→ **What you are asked to do**: Can the lines below, from the one that holds "Chantal hangt haar" to the very end, be echoed exactly, with both ends included and no pictures?

→ **Data in this exercise**:
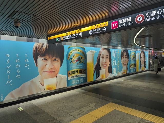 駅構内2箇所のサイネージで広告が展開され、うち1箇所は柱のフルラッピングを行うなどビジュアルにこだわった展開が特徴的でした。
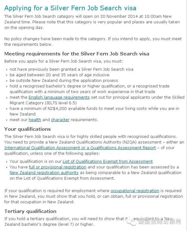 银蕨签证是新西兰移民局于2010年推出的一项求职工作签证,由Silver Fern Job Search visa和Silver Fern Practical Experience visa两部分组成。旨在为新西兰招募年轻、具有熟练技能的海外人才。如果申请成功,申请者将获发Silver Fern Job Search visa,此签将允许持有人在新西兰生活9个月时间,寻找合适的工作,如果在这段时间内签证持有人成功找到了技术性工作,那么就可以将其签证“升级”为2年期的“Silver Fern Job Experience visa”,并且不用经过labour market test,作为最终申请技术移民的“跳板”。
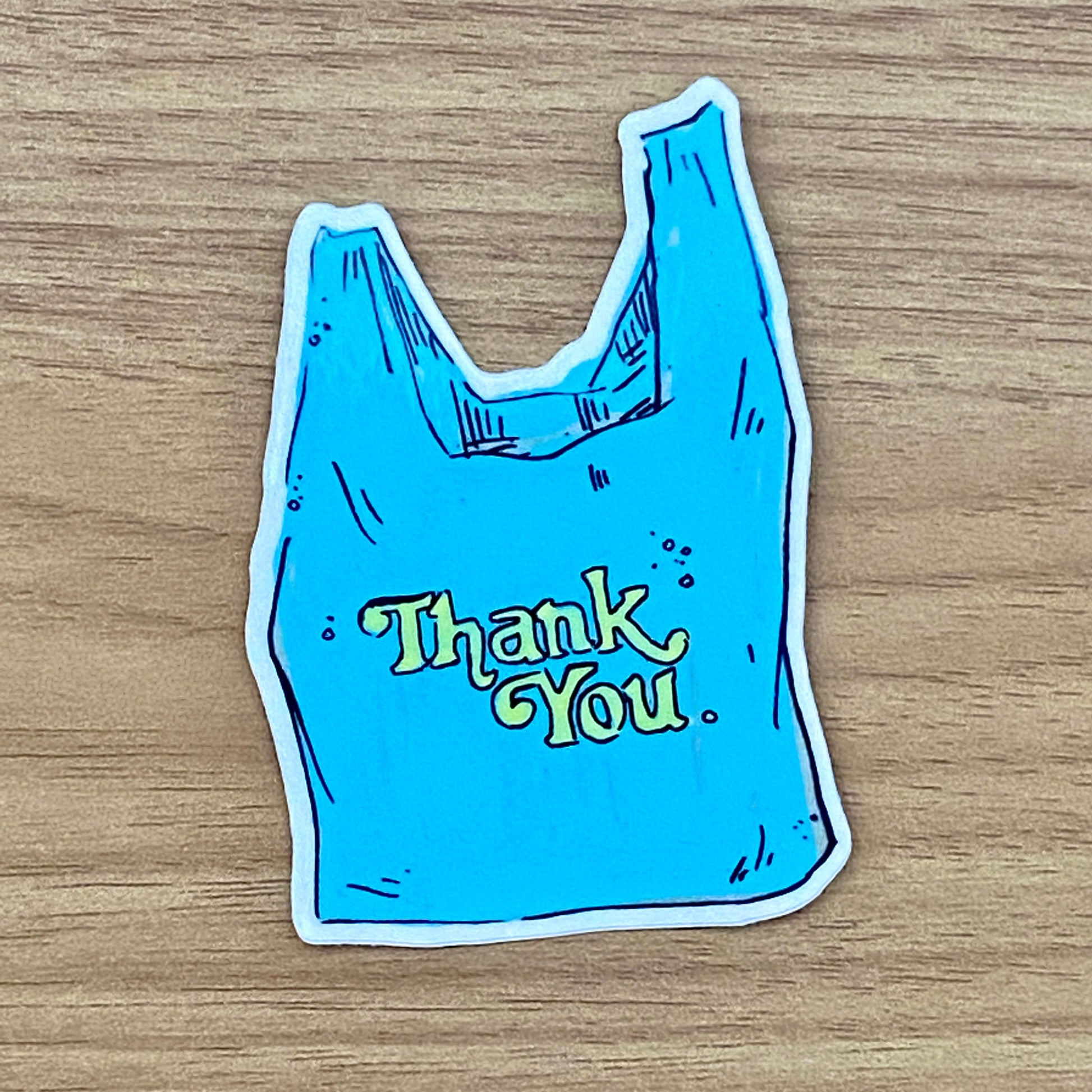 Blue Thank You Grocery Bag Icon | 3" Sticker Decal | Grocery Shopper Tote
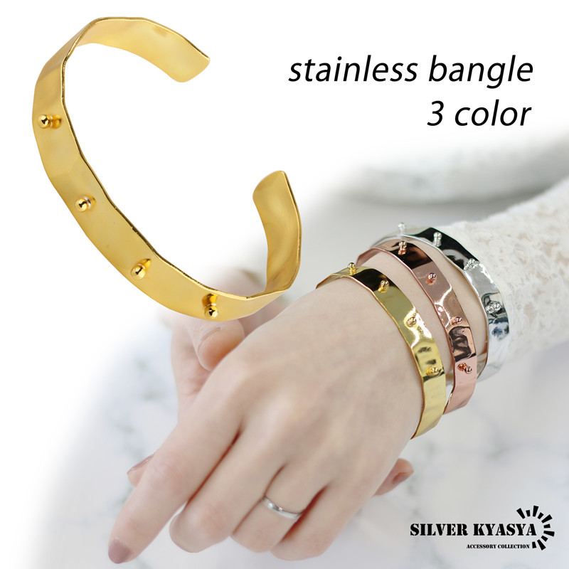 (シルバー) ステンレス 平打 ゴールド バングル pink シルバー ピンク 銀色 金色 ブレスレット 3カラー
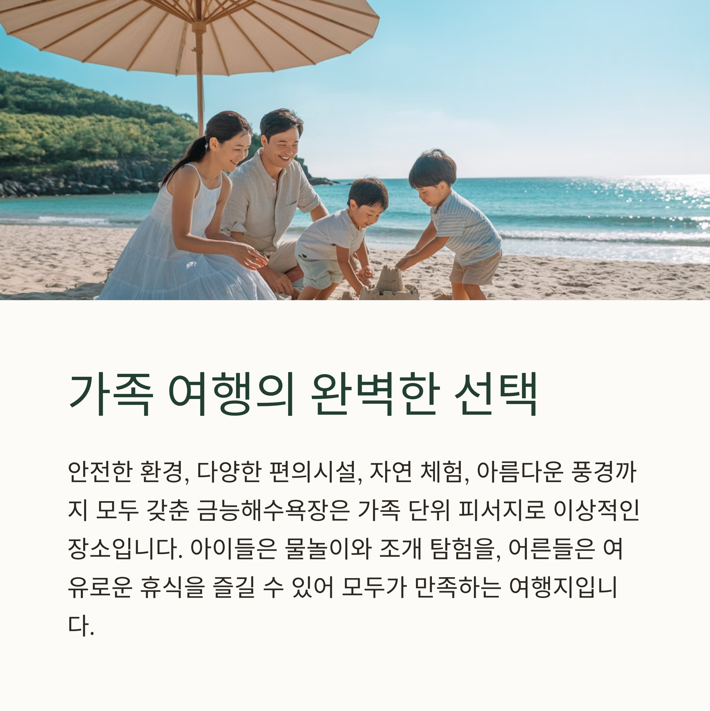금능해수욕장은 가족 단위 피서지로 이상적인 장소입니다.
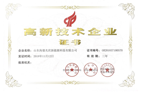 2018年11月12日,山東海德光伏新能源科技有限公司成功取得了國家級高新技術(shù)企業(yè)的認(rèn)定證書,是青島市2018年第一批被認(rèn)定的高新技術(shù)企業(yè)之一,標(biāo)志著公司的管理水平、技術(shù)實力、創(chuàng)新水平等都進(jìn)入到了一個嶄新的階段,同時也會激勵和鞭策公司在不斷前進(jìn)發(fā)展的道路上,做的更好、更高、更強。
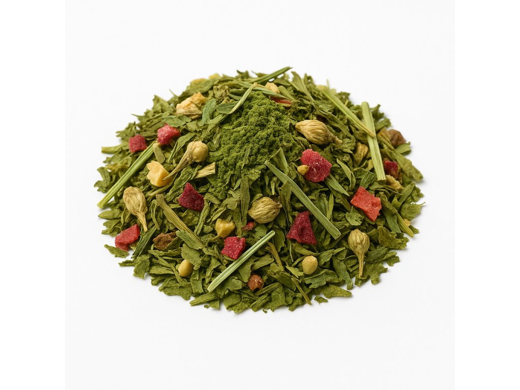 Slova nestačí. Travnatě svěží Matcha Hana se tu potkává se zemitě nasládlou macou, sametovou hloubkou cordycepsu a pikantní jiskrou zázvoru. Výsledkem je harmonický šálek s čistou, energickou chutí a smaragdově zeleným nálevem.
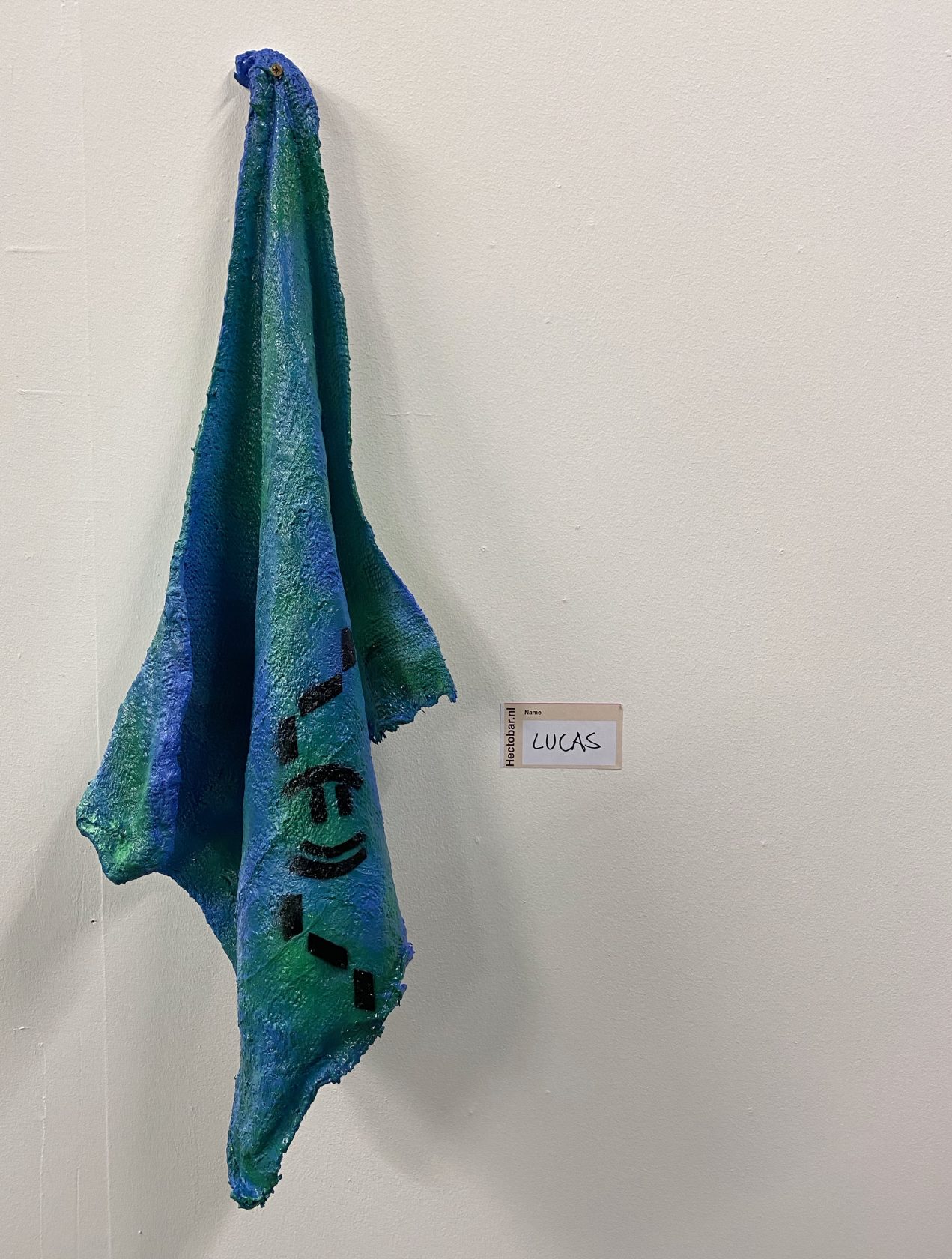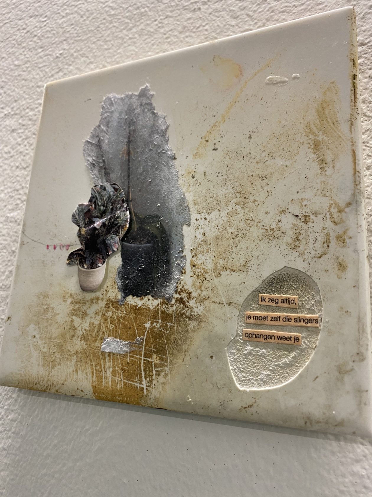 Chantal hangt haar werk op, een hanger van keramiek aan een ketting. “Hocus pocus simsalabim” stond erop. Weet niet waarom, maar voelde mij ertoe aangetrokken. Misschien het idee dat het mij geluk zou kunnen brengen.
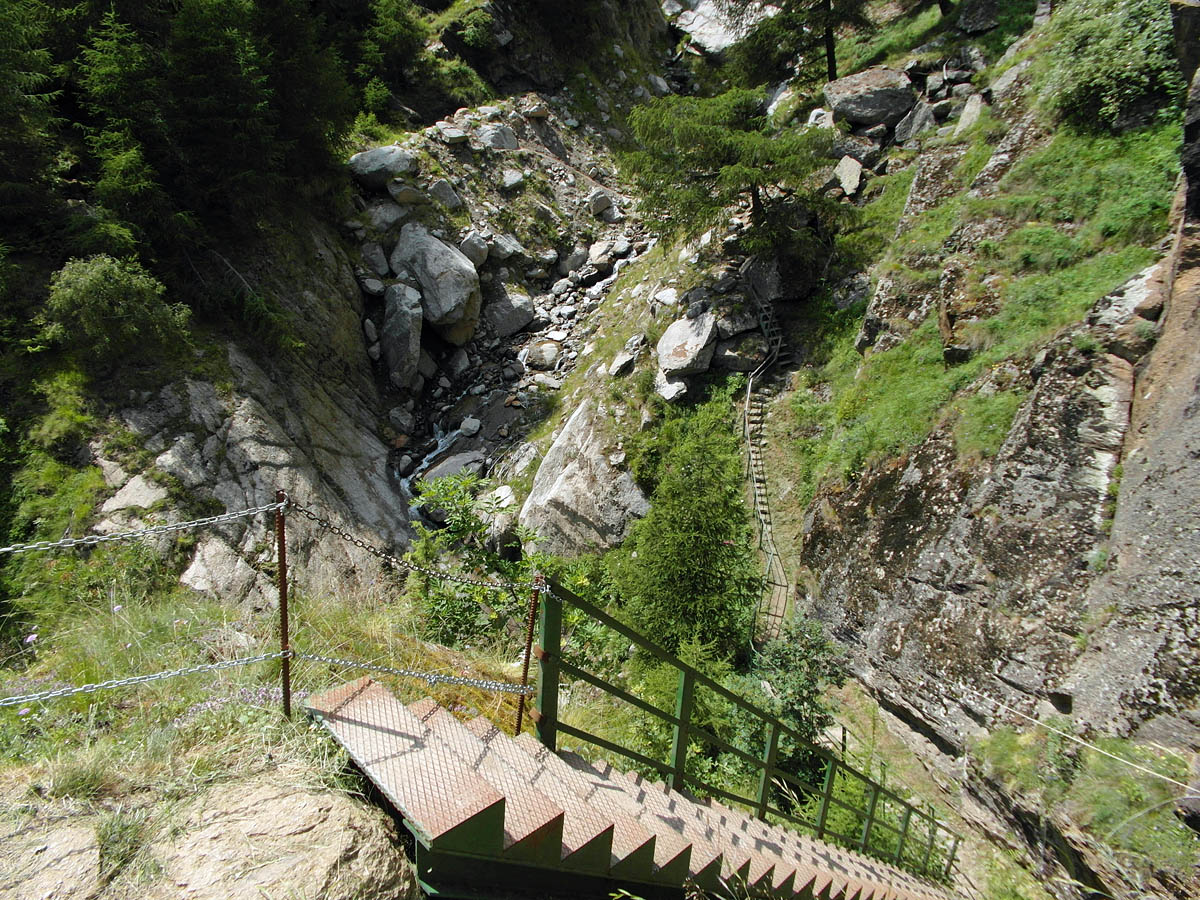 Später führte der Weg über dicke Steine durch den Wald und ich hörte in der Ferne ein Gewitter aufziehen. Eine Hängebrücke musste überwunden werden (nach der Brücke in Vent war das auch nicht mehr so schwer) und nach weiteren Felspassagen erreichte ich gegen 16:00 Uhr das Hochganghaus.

→ **Answer section**:
 Chantal hangt haar werk op, een hanger van keramiek aan een ketting. “Hocus pocus simsalabim” stond erop. Weet niet waarom, maar voelde mij ertoe aangetrokken. Misschien het idee dat het mij geluk zou kunnen brengen.
 Später führte der Weg über dicke Steine durch den Wald und ich hörte in der Ferne ein Gewitter aufziehen. Eine Hängebrücke musste überwunden werden (nach der Brücke in Vent war das auch nicht mehr so schwer) und nach weiteren Felspassagen erreichte ich gegen 16:00 Uhr das Hochganghaus.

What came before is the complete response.